[R] Can file size affect how na.strings operates in a read.table call?

Thu Nov 14 16:40:42 CET 2019

Hi,

I have this generic function to read ASCII data files. It is essentially a wrapper around the read.table function. My function is used in a large variety of situations and has no a priori knowledge about the data file it is asked to read. Nothing is known about file size, variable types, variable names, or data table dimensions.

One argument of my function is na.strings which is passed down to read.table.

Recently, a user tried to read a data file of ~ 80 Mo (~ 93000 rows by ~ 160 columns) using na.strings = c('-99', '.') with the intention of interpreting '.' and '-99'
strings as the internal missing data NA. Dots were converted to NA appropriately. However, not all -99 values in the data were interpreted as NA. In some variables, -99 were converted to NA, while in others -99 was read as a number. More surprisingly, when the data file was cut in smaller chunks (ie, by dropping either rows or columns) saved in multiple files, the function calls applied on the new data files resulted in the correct conversion of the -99 values into NAs.
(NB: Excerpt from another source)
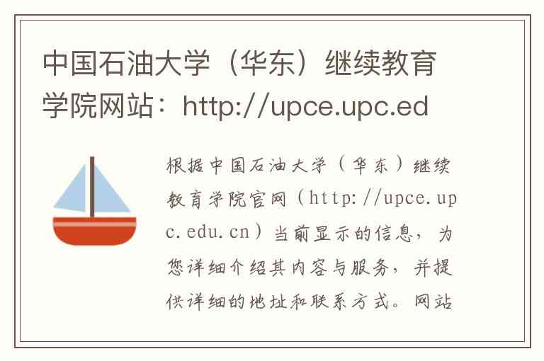 根据中国石油大学(华东)继续教育学院官网(http://upce.upc.edu.cn)当前显示的信息,为您详细介绍其内容与服务,并提供详细的地址和联系方式。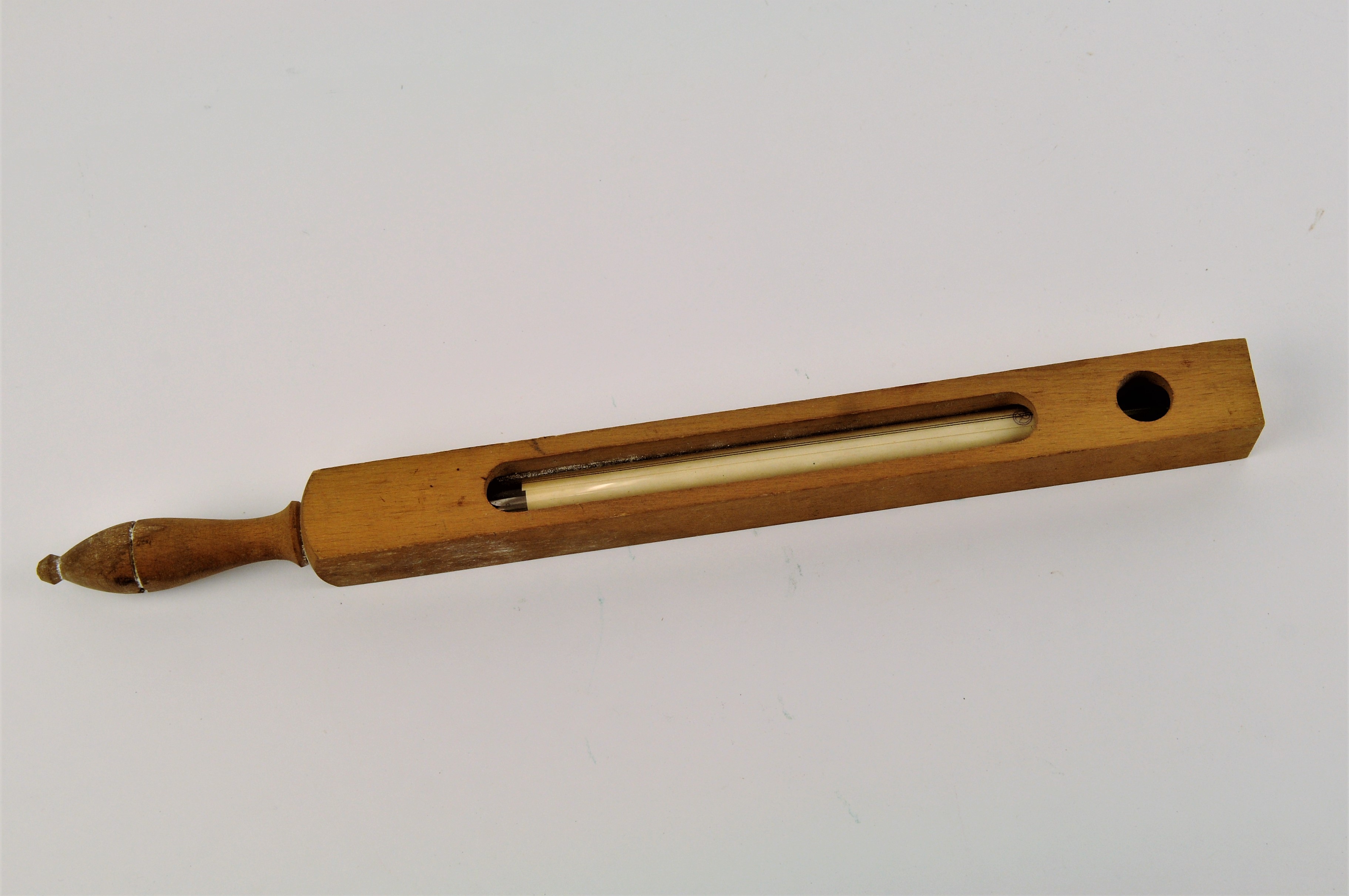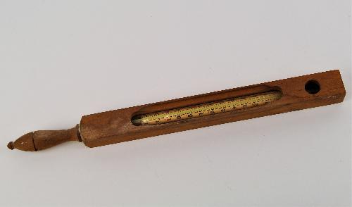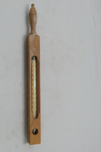 Thermometer in houten huls met temperatuurrange van 0 - 120 graden Celsius.

In all cases, the data frames produced by read.table contained the expected number of records.

While, on face value, it appears that file size affects how the na.strings argument operates, I wondering if there is something else at play here. 

Unfortunately, I cannot share the data file for confidentiality reason but was wondering if you could suggest some checks I could perform to get to the bottom on this issue.

Thank you in advance for your help and sorry for the lack of reproducible example.